UPDATE: Members of the Milwaukee Common Council have issued a joint statement on the resignations:
“Today’s news that Fire and Police Commission (FPC) Chairman Ed Fallone and Vice Chairwoman Amanda Avalos will be resigning effective 12:01 a.m. Friday cannot be interpreted as anything other than a monumental loss for the City of Milwaukee.
Since joining the body, Chairman Fallone and Vice Chairwoman Avalos have helped oversee a period of stability for the FPC. We want to thank them for their service to our community and wish them the best moving forward.
As has been stated time and time again, Wisconsin Act 12 included a number of outrageous provisions aimed specifically at the City of Milwaukee. Among them was removing the FPC’s authority to set policies for the police and fire departments, and transferring that responsibility to each department’s chief.

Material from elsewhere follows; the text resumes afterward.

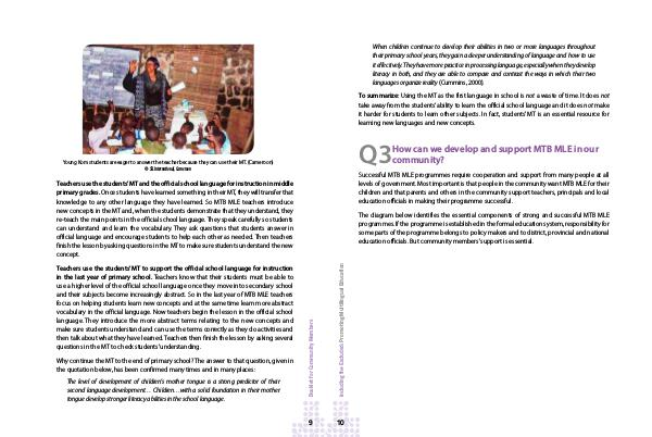 Teachers use the students’ MT and the official school language for instruction in middle primary grades. Once students have learned something in their MT, they will transfer that knowledge to any other language they have learned. So MTB MLE teachers introduce new concepts in the MT and, when the students demonstrate that they understand, they re-teach the main points in the official school language. They speak carefully so students can understand and learn the vocabulary. They ask questions that students answer in official language and encourage students to help each other as needed. Then teachers finish the lesson by asking questions in the MT to make sure students understand the new concept.

This overreaching provision greatly diluted an important oversight responsibility held by the FPC, and is already causing talented, thoughtful individuals to leave their posts, in the end hurting the citizens of Milwaukee the most.
We on the Common Council have opposed these State-mandated provisions at every turn, and will continue to do what we can to right these wrongs.”
The statement was issued by Alders JoCasta Zamarripa, Mark Chambers, Jonathan Brostoff, Robert Bauman, Lamont Westmoreland, Mark Borkowski, José Pérez, Scott Spiker, and Marina Dimitrijevic
MILWAUKEE – Both Milwaukee Fire and Police Commission Chair Ed Fallone and Vice Chair Amanda Avalos have resigned from their board positions in protest of a condition of the city of Milwaukee’s approval of the 2023 shared revenue plan that would remove power from the FPC.
The resignations are set to take effect at 12:01am Friday morning.
In a written statement, Fallone and Avalos stated the decision was not an easy one, but necessary to ensure nobody would consider them in favor of a provision that gives more authority to the Chief of Milwaukee Police and takes it away from the Milwaukee Fire and Police Commission.
“We feel that, by continuing to serve on the Milwaukee Fire and Police Commission, our continued service might be construed as an indication that we accept the substantial restrictions on FPC authority contained in the recently enacted Act 12” the statement read. “We do not accept these changes to the authority of the Milwaukee Fire and Police Commission.”
The FPC provision is one of many that local leaders have taken issue with in the proposal that allowed the city to create a two percent sales tax. Some, like District Four Alderman Bob Bauman, have indicated that the provisions could provide cause for litigation against state legislators.